Un atterrissage en douceur réussi ce trimestre présenterait quelques ressemblances avec 1995, quand la fin d’un cycle de durcissement énergique de la politique monétaire de la Fed s’était soldé par un taux directeur de 6,0 %. L’économie avait ensuite connu une croissance vigoureuse jusqu’en 2000, malgré la remontée rapide des taux et plusieurs épisodes de difficultés financières, parmi lesquelles la crise du peso mexicain, la dévaluation du baht thaïlandais, le défaut de paiement de la Russie et la faillite du fonds spéculatif Long-Term Capital Management.
Au cours de cette période, la Fed a apporté de modestes ajustements à son taux directeur : à une baisse de 75 points de base ont succédé une hausse de 25 points de base, une nouvelle baisse de 75 points de base, puis une hausse de 175 points de base, pour terminer à 6,5 %. En parallèle, l’inflation sous-jacente est restée proche de l’objectif de 2,0 % fixé par la Fed, voire inférieure à celui-ci. Si une évolution similaire se produisait aujourd’hui, le taux de début de cycle serait de 4,125 % et celui de fin de cycle atteindrait 5,875 %.
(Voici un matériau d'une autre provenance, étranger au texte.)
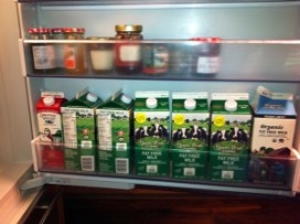Milk presents its own dilemma. Actually, I feel like I’m breaking up with the dairy department entirely, and it’s not going smoothly. For decades I’ve just assumed that whatever else is on my list, a couple of half gallons of skim should always come home with me. Open my sister Betsy’s fridge, and behold the tableaux of a house with children: homage to milk. When I was last there, she had nine half gallons of skim, a carton of whole and a pint of half and half.

Malgré tout, l’économie américaine était plus fragile en 1995, avec un taux de chômage de 5,5 %, ce qui offrait une certaine marge en cas de reprise. Aujourd’hui, le potentiel de croissance supplémentaire est plus limité, car le chômage est de seulement 4,3 %. Rappelons aussi qu’avec l’augmentation de la dette publique et les mutations démographiques, des taux d’intérêt autour de 6 % pèseraient davantage sur l’économie aujourd’hui qu’ils ne l’ont fait en 1995.
Pour autant, les plans de relance budgétaire, le « reshoring » et les investissements dans l’intelligence artificielle sont autant de facteurs susceptibles d’atténuer l’impact de taux d’intérêt qui resteraient élevés.
Jusqu’à présent, l’économie semble donc supporter les taux d’intérêt supérieurs, et en dépit des craintes récentes, le marché de l’emploi paraît tenir bon. La progression du chômage cet été, malgré la création de 114,00 emplois, semble en effet surtout s’expliquer par une augmentation de la population active. Or, voilà précisément ce que les gouverneurs de la Fed considéreraient comme un atterrissage en douceur réussi : le fait qu’un relâchement des tensions sur le marché du travail contribue à modérer la croissance des salaires, tout en permettant de continuer à créer des emplois.
Bien sûr, si l’afflux de main-d’œuvre disponible ralentit et que la croissance économique repart à la hausse en 2025, alors le taux de chômage pourrait à nouveau reculer.